Crafting Magic Items
Crafting magic items works as described in the appropriate source book except as discussed below. For the most part, this is intended to address the non-mechanical part of crafting items. It is also intended to enforce the rules as written in a way that considers the economics and limitations of a medieval world.
• Scrolls – Magical scroll ink is fairly generic and sold in bottles of 20, 50, 100 and 500 gp value. Magical ink will keep for up to a year in temperate conditions, but dries up more quickly in hot or very hot conditions. Scroll ink freezes at 0 degrees.
You must also have one sheet of parchment per level of spell inscribed (2sp each).
When crafting a scroll, deduct the cost of the scroll from your supply of ink. While you must mark off the sheets of parchment from your supply, do not consider them in the cost of the item (so the cost is 100% ink).

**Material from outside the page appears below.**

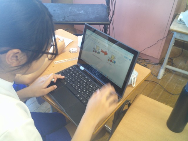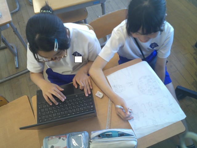 給食委員会の仕事をしている5年生。よく見てみると、食品ロスをへらそう!の文字。昨年度、総合の学習で学んだことが生活に生きています。

• Potions – Brewing a potion requires access to at least an alchemists kit, if not an alchemist lab. The crafter can attempt to improvise using clean containers, a campfire and simple utensils, but adds 5 to the craft DC. Potions require a “base,” typically very pure water; “ingredients” eye of newt etc; the material components (if any); and a catalyst. These materials constitute the “wort,” non-magical liquid that will become the potion. In order to brew a potion, the brewer must purchase the materials for the wort that equal the cost to brew the potion. Alternatively, the materials may be supplied, either from appropriate materials at hand (water from a create water spell, items found in a wizards lab, etc). Most ingredients can be found using appropriate knowledge skills, survival skill and time. The magic catalyst can be purchased in 100 gp vials from alchemists, and retains its potency for a month in temperate conditions.
Many alchemists sell pre-made wort for particular potions that allow the brewer to simply enchant them (cutting the crafting time in half). Wort generally lasts a week in temperate environments. The cost of pre-made wort is typically 50% more than the cost to brew the potion.
• Arms and Armor – Crafting arms and armor requires access to a workshop appropriate to the item being enchanted. The cost to “rent” such a space (if any) is in addition to the cost to craft the item. A crafter can attempt to use a makeshift workshop (or a workshop appropriate to a different item), but doing so adds 5 to the DC to craft the item.
Crafting arms and armor requires a masterwork item to be enchanted. In addition, the crafter must supply additional materials consistent with the enchantments being applied equal to the “magic cost” of the item. These are typically available from armorers, weaponsmiths, alchemists, and magic shops. Divine crafters typically require fewer material components, but instead their costs reflect sacrifices to their deity and donations to their order.
• Rod/Wand/Staff – Crafting these items requires an appropriate workshop (typically a wood working shop, but certain items may require different circumstances depending on their description). For Rods that are treated as a weapon, a masterwork version of the weapon may be used, decreasing the crafting time by one day. Otherwise, the crafter must supply magical ingredients and reagents equal to the cost to craft the item (less the cost of the masterwork weapon, if used).
Wands can be crafted using discharged wands as a base. If the wand contained a different spell, it reduces the crafting cost by 100 gp. If it is a wand of the same spell, it reduces the crafting time by one day and the cost by 200 gp (minimum of one day crafting time and 375gp).
• Rings and Wonderous Items – Crafting these items requires an appropriate workshop and a masterwork or object ‘d art of the appropriate type for the item being crafted. The balance of the cost is embellishments, ingredients and magical reagents.